Launching the Jolly Roger
Yesterday morning as I was getting ready to leave for work, I heard little footsteps coming down the stairs, even though this is vacation week. It turned out to be Ian, and he was a Man with a Mission. Somehow, he got up yesterday with the single determination to build a particular crafts project for his brother, Daniel. Particularly, Ian wanted to make Daniel a "Jolly Roger," based on the instructions in a Crafts-for-children book. Normally, we normally think of the Jolly Roger as the pirate flag (there is a theory that "Jolly Roger" is a corruption of the French "Joli Rouge" or "pretty red" - red, in this case, not being a happy color...). But for the boys, Jolly Roger was not a mere flag, but the name of an entire pirate ship, as identified in the book that provided the instructions for building it.

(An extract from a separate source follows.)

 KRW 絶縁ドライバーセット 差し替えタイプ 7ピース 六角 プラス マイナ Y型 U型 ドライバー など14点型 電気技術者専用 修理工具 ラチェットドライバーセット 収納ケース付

Ian got the inspiration to make a pirate ship for his brother, out of a cardboard box, etc., and got up with the single-minded determination to do precisely that. Although I had to go to work, within a minute or so, Ian had me recruited to find a cardboard box - ideally a big box - so I was off to the garage and cellar, etc., emptying out boxes of less-important things to make way for the new seafaring vessel. Although Ian had intended this as a surprise for Daniel, within a minute or so of Daniel coming downstairs, he was right in thick of the action.

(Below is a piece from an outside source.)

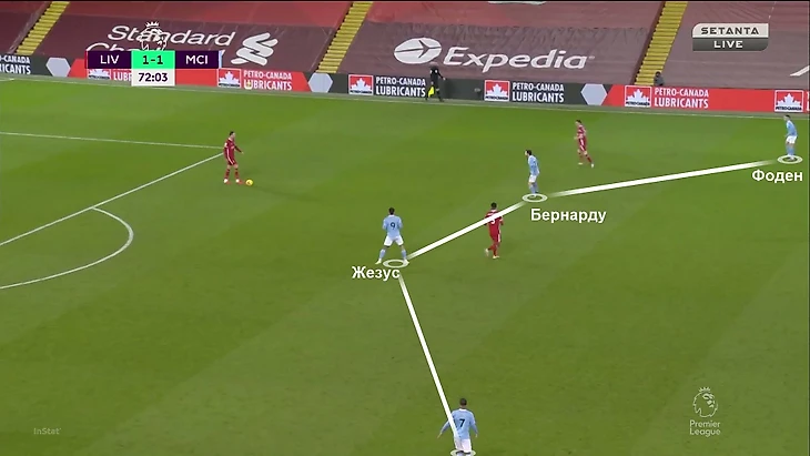 «Сити» образовывал эту формацию по-разному. Иногда Марез и Фоден оставались впереди, а Бернарду прикрывал правый фланг Мареза:

By the end of the day, the ship was full of both pirates and soldiers - of the green, plastic, World War II vintage... Ian told me that this was the fallout of a battle between the pirates and the soldiers, or "army-guys," in Daniel's parlance, and that, on this occasion, the pirates were the good-guys and the soldiers were the bad-guys. Of course, I wanted to know more about this classification. Ian explained that the pirates were good and the soldiers were bad because this was Daniel's world.
This morning, I followed up with Daniel, who confirmed that the pirates were the good-guys and the army-guys were the bad-guys. I asked him why, and he seemed to be saying he thought it would be more interesting that way. But of course, Daniel's sympathies are naturally going to be with the pirates in any case.
Twenty years ago, I might have been concerned, but after NATO's misadventures in Serbia, the Middle East and Afghanistan, I'm inclined to think of the pirates as the more benign agency.
Of course, Daniel has no such antipathy for militarism; rather than being the lesser of two evils, I'm quite sure he regards the pirates as simply being the cooler of the two.